Pervasive duplication of tumor suppressors in Afrotherians during the evolution of large bodies and reduced cancer risk.

The risk of developing cancer is correlated with body size and lifespan within species. Between species, however, there is no correlation between cancer and either body size or lifespan, indicating that large, long-lived species have evolved enhanced cancer protection mechanisms. Elephants and their relatives (Proboscideans) are a particularly interesting lineage for the exploration of mechanisms underlying the evolution of augmented cancer resistance because they evolved large bodies recently within a clade of smaller-bodied species (Afrotherians). Here, we explore the contribution of gene duplication to body size and cancer risk in Afrotherians. Unexpectedly, we found that tumor suppressor duplication was pervasive in Afrotherian genomes, rather than restricted to Proboscideans. Proboscideans, however, have duplicates in unique pathways that may underlie some aspects of their remarkable anti-cancer cell biology. These data suggest that duplication of tumor suppressor genes facilitated the evolution of increased body size by compensating for decreasing intrinsic cancer risk.

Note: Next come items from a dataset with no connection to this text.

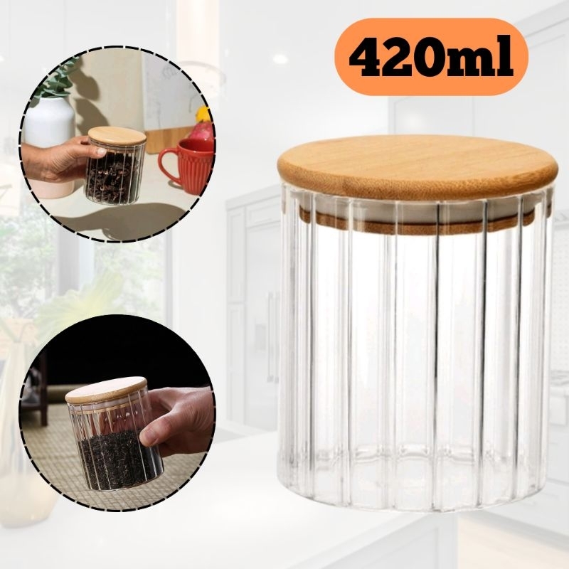 Pote de Vidro Canelado Com Tampa De Bambu 420ml Borossilicato
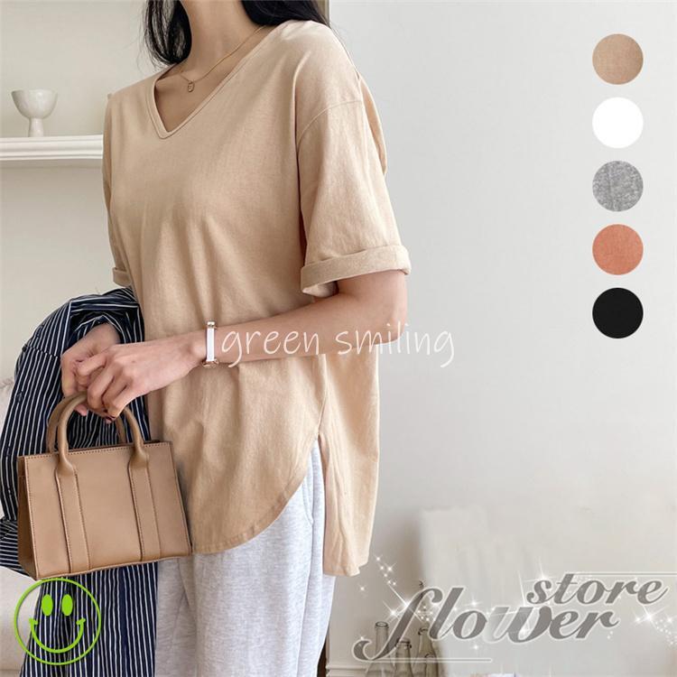 シャツ レディース 春 夏 半袖 クルーネック 無地 カットソー トップス カット ゆったり おしゃれ カジュアル コットン 綿 夏服 シンプル
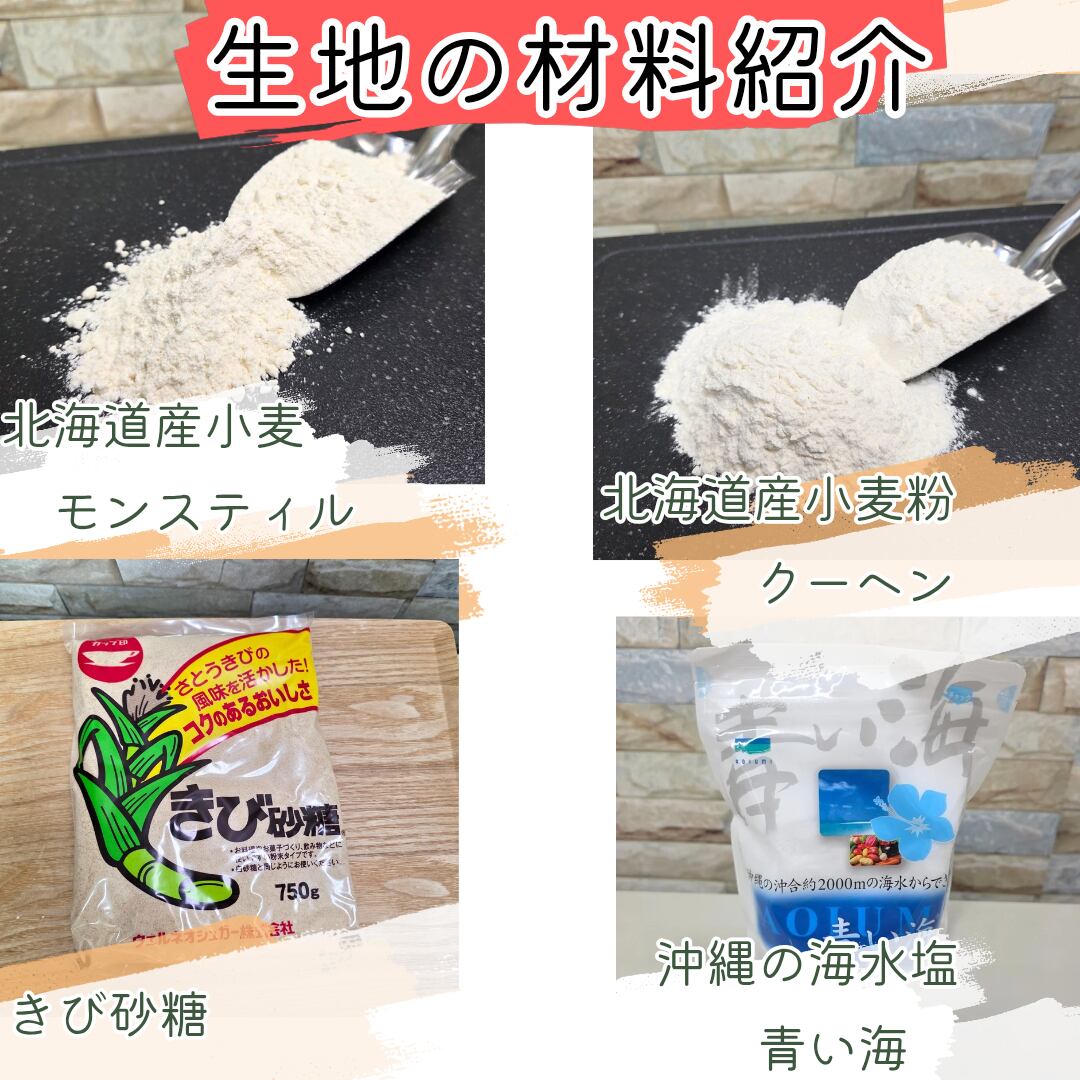 小麦粉は北海道産小麦の「モンスティル」と「クーヘン」を100%使用しきび砂糖・よつ葉脱脂粉乳・塩は青い海・太陽卵の卵黄・よつ葉バター・手作りマジパンローマッセを使用しております。
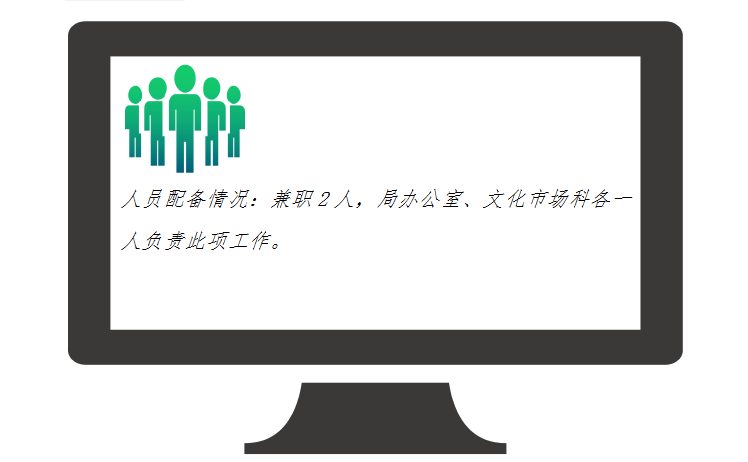 2、人员配备情况。兼职2人,局办公室、文化市场科各一人负责此项工作。
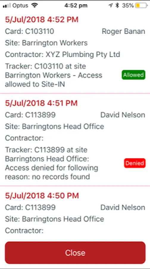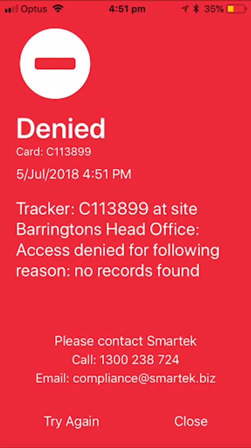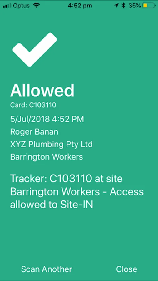 In the action of scanning the employee card, the access to the site will be analysed by Smartek to determine if the employee being scanned is ALLOWED into the site, or DENIED.
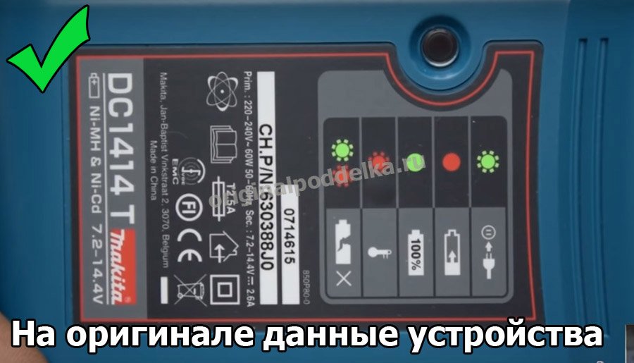 Оригинал имеет надпись Makita более тусклого цвета. В то время, как подделка прям режет глаза ярким красным. Теперь касательно маркировок:
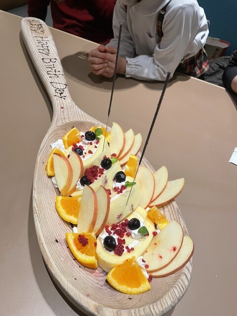 コドモもオトナも盛り上がる「大きなスプーンのアニバーサリープレート」 見たことない〝大きなスプーン〟で誕生日をお祝いしよう。 メッセージと花火と音楽で盛り上げます。 ご予約なしでもご用意できます。お近くのスタッフに申し出ください。

From the gigantic blue whale to the minuscule bumblebee bat, animals come in all shapes and sizes. Any species can develop cancer, but some are more at risk than others. In theory, if every cell has the same probability of becoming cancerous, then bigger animals should get cancer more often since they have more cells than smaller ones. Amongst the same species, this relationship is true: taller people and bigger dogs have a greater cancer risk than their smaller counterparts. Yet this correlation does not hold when comparing between species: remarkably large creatures, like elephants and whales, are not more likely to have cancer than any other animal. But how have these gigantic animals evolved to be at lower risk for the disease? To investigate, Vazquez and Lynch compared the cancer risk and the genetic information of a diverse group of closely related animals with different body sizes. This included elephants, woolly mammoths and mastodons as well as their small relatives, the manatees, armadillos, and marmot-sized hyraxes. Examining these species' genomes revealed that, during evolution, elephants had acquired extra copies of 'tumour suppressor genes' which can sense and repair the genetic and cellular damages that turn healthy cells into tumours. This allowed the species to evolve large bodies while lowering their risk of cancer. Further studies could investigate whether other gigantic animals evolved similar ways to shield themselves from cancer; these could also examine precisely how having additional copies of cancer-protecting genes helps reduce cancer risk, potentially paving the way for new approaches to treat or prevent the disease.